Finra has said it isn’t going to intervene in the "who-owns-the-customer" debate that’s resurfaced in the financial advisory industry because of the high-profile exits from the broker protocol.

The broker protocol "is an agreement between the firms, so Finra is not part of it," a Finra spokeswoman tells FA-IQ in reaction to suggestions received by the publication about the regulator’s role in defining who owns the customer -- the broker-dealer firms or the advisors.

WealthSource Partners’ Sullivan believes the voluntary adoption of the broker protocol, which has more than 1,700 signatories, is "good for the industry and good for clients."

He says the broker protocol recognizes that clients make their own choices about which firms they want to work with.
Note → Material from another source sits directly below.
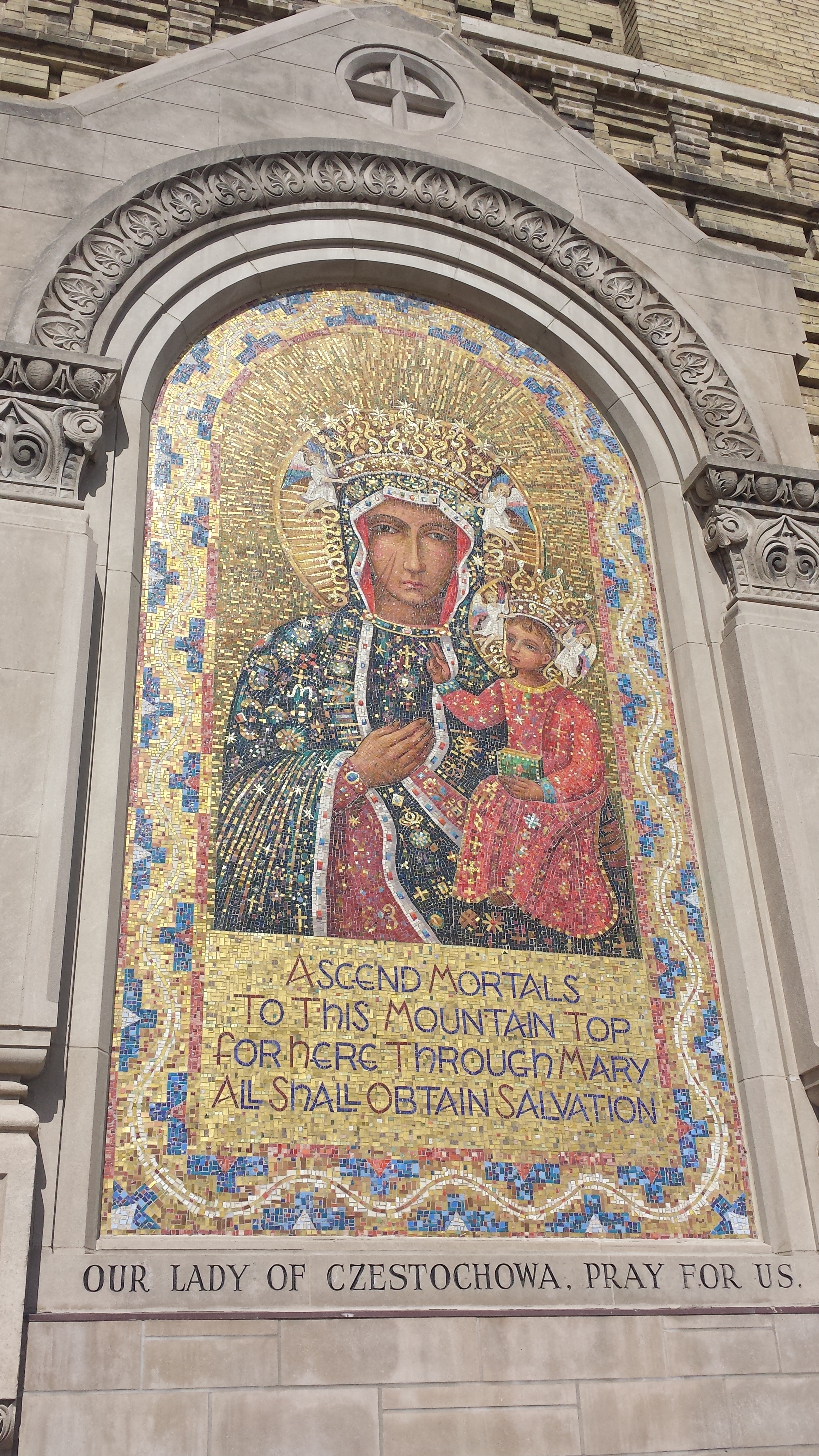 Being in a city with a very strong Polish influence, it is unsurprising that the motherĀ parish of the Polish community has a big ol’ mosaic to her (the Polish seem to love mosaics).

"A reversion from that policy puts the industry, the advisors and their clients all at odds with each other," he says. "It’s now as if Morgan Stanley and UBS have said, ’It’s our ball, we’re taking it with us and going home.' It’s bad for everyone."

Morgan Stanley, UBS and Citigroup have tied their decision to exit the broker protocol to advisor retention initiatives.

Morgan Stanley included its decision to exit the broker protocol in an announcement it made in late October about a "new talent investment strategy." In that announcement, the wirehouse said the broker protocol "is no longer sustainable" in its current state. It claims the agreement "has become replete with opportunities for gamesmanship and loopholes" within the industry. Morgan Stanley stated that firms have "opportunistically joined" the protocol to make a strategic hire and then withdrawn; invoked the protocol's benefits when hiring while using non-protocol affiliates to circumvent its rules when losing talent; and unilaterally made exceptions to the scope of the protocol.

UBS Wealth Management Americas President Tom Naratil has said, after its exit from the pact, that UBS’s top priority is helping its advisors reach their full potential, not recruiting advisors from its competitors.

Citigroup said it was acting in a way that is "similar to others in the industry."